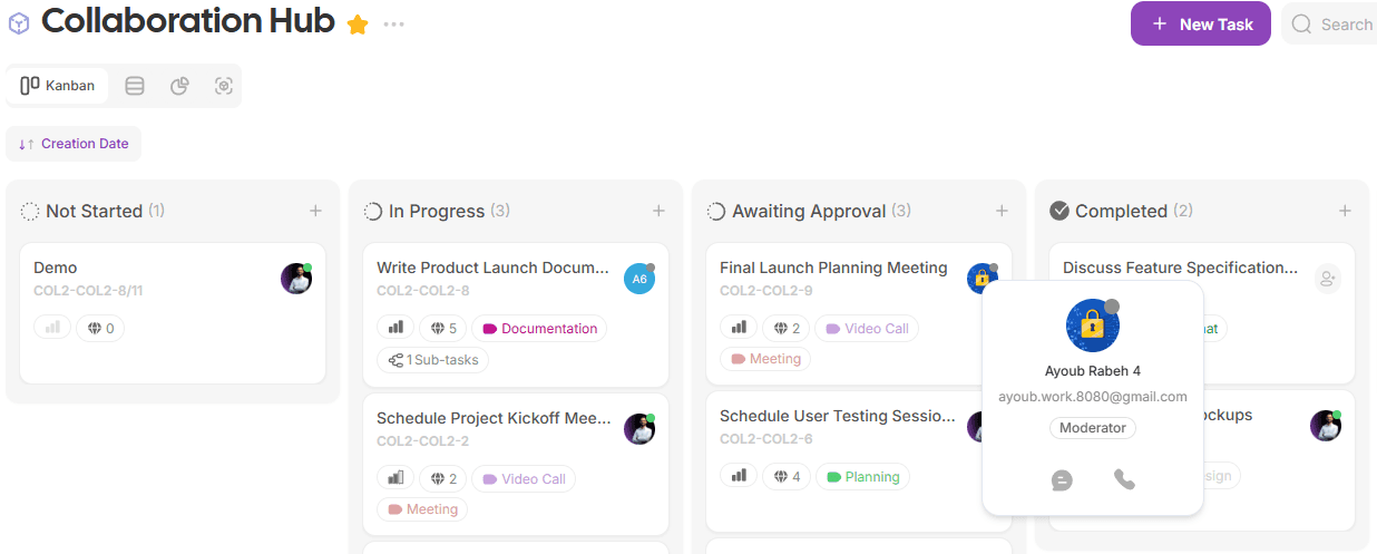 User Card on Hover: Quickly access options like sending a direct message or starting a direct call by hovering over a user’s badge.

━━━━

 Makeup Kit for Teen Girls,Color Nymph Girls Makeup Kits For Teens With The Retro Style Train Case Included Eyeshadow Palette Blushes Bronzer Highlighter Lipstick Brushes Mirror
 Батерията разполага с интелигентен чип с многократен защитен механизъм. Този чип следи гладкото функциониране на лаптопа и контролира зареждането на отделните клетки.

━━━━

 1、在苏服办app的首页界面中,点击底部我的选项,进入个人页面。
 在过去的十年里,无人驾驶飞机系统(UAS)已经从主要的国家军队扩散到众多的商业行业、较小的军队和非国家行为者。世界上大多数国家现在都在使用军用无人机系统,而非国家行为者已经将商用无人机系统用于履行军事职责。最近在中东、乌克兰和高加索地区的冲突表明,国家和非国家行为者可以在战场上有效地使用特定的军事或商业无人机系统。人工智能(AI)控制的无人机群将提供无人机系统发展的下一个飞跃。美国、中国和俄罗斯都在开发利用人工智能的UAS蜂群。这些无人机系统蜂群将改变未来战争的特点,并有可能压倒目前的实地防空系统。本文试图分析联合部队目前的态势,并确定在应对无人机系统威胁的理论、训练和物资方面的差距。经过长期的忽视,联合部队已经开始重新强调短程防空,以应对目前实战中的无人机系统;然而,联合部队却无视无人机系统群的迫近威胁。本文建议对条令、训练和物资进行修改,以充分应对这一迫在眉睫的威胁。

━━━━

[Your objective]: Once the line with "Makeup Kit for" is found in the records above, print exactly that line and every line after it through the line with "Батерията разполага с".

[Completed exercise]:
 Makeup Kit for Teen Girls,Color Nymph Girls Makeup Kits For Teens With The Retro Style Train Case Included Eyeshadow Palette Blushes Bronzer Highlighter Lipstick Brushes Mirror
 Батерията разполага с интелигентен чип с многократен защитен механизъм. Този чип следи гладкото функциониране на лаптопа и контролира зареждането на отделните клетки.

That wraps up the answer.